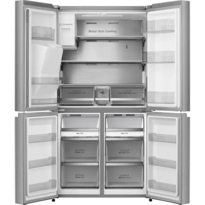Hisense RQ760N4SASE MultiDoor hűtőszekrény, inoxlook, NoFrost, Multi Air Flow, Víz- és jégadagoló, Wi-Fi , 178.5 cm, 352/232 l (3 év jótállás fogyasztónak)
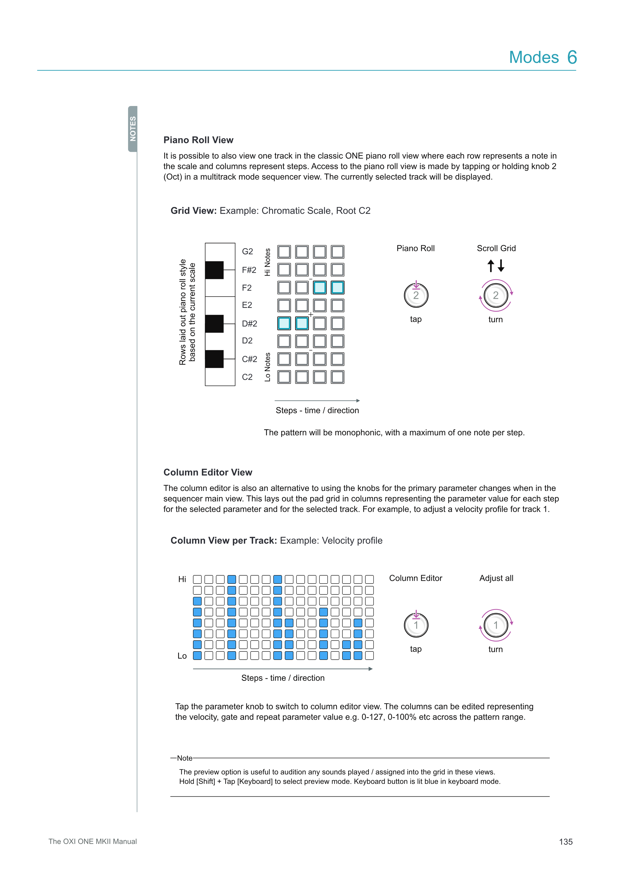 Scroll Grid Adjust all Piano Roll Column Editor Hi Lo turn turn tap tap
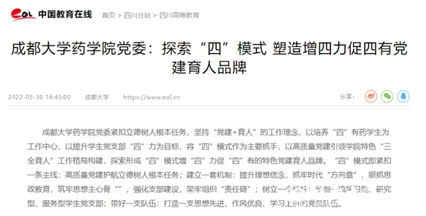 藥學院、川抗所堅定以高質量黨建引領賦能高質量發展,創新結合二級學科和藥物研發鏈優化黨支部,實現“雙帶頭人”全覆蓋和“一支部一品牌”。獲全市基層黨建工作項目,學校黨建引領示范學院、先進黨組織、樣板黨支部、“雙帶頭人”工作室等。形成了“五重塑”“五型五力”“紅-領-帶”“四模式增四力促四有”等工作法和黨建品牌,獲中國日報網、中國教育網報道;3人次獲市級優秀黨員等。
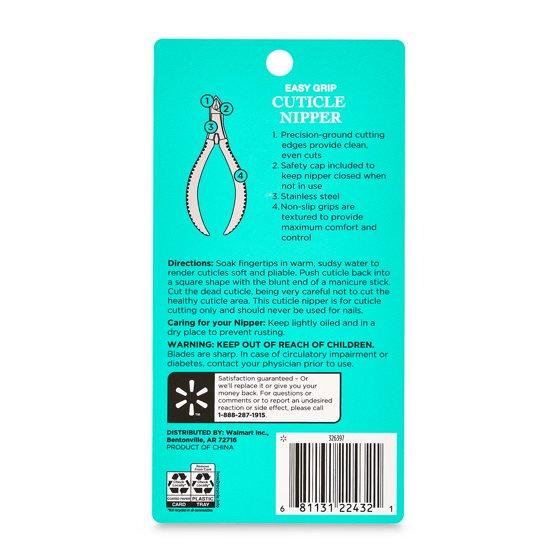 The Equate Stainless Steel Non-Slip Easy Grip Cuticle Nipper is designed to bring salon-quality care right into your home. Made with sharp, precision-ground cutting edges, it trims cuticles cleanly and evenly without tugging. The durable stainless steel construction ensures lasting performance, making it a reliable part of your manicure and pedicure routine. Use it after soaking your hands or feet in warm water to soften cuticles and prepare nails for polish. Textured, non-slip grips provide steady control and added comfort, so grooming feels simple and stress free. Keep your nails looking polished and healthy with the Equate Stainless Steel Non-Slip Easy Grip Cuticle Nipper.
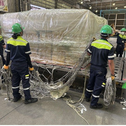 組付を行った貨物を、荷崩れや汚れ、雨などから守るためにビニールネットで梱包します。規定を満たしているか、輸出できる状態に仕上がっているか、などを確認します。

────

:: Problem requirements ::
All lines from the one with "藥學院、川抗所堅定以高質量黨" through the end of the records above must be reproduced exactly, both ends included, and the pictures must be left out.

:: Solution to this exercise ::
 藥學院、川抗所堅定以高質量黨建引領賦能高質量發展,創新結合二級學科和藥物研發鏈優化黨支部,實現“雙帶頭人”全覆蓋和“一支部一品牌”。獲全市基層黨建工作項目,學校黨建引領示范學院、先進黨組織、樣板黨支部、“雙帶頭人”工作室等。形成了“五重塑”“五型五力”“紅-領-帶”“四模式增四力促四有”等工作法和黨建品牌,獲中國日報網、中國教育網報道;3人次獲市級優秀黨員等。
 The Equate Stainless Steel Non-Slip Easy Grip Cuticle Nipper is designed to bring salon-quality care right into your home. Made with sharp, precision-ground cutting edges, it trims cuticles cleanly and evenly without tugging. The durable stainless steel construction ensures lasting performance, making it a reliable part of your manicure and pedicure routine. Use it after soaking your hands or feet in warm water to soften cuticles and prepare nails for polish. Textured, non-slip grips provide steady control and added comfort, so grooming feels simple and stress free. Keep your nails looking polished and healthy with the Equate Stainless Steel Non-Slip Easy Grip Cuticle Nipper.
 組付を行った貨物を、荷崩れや汚れ、雨などから守るためにビニールネットで梱包します。規定を満たしているか、輸出できる状態に仕上がっているか、などを確認します。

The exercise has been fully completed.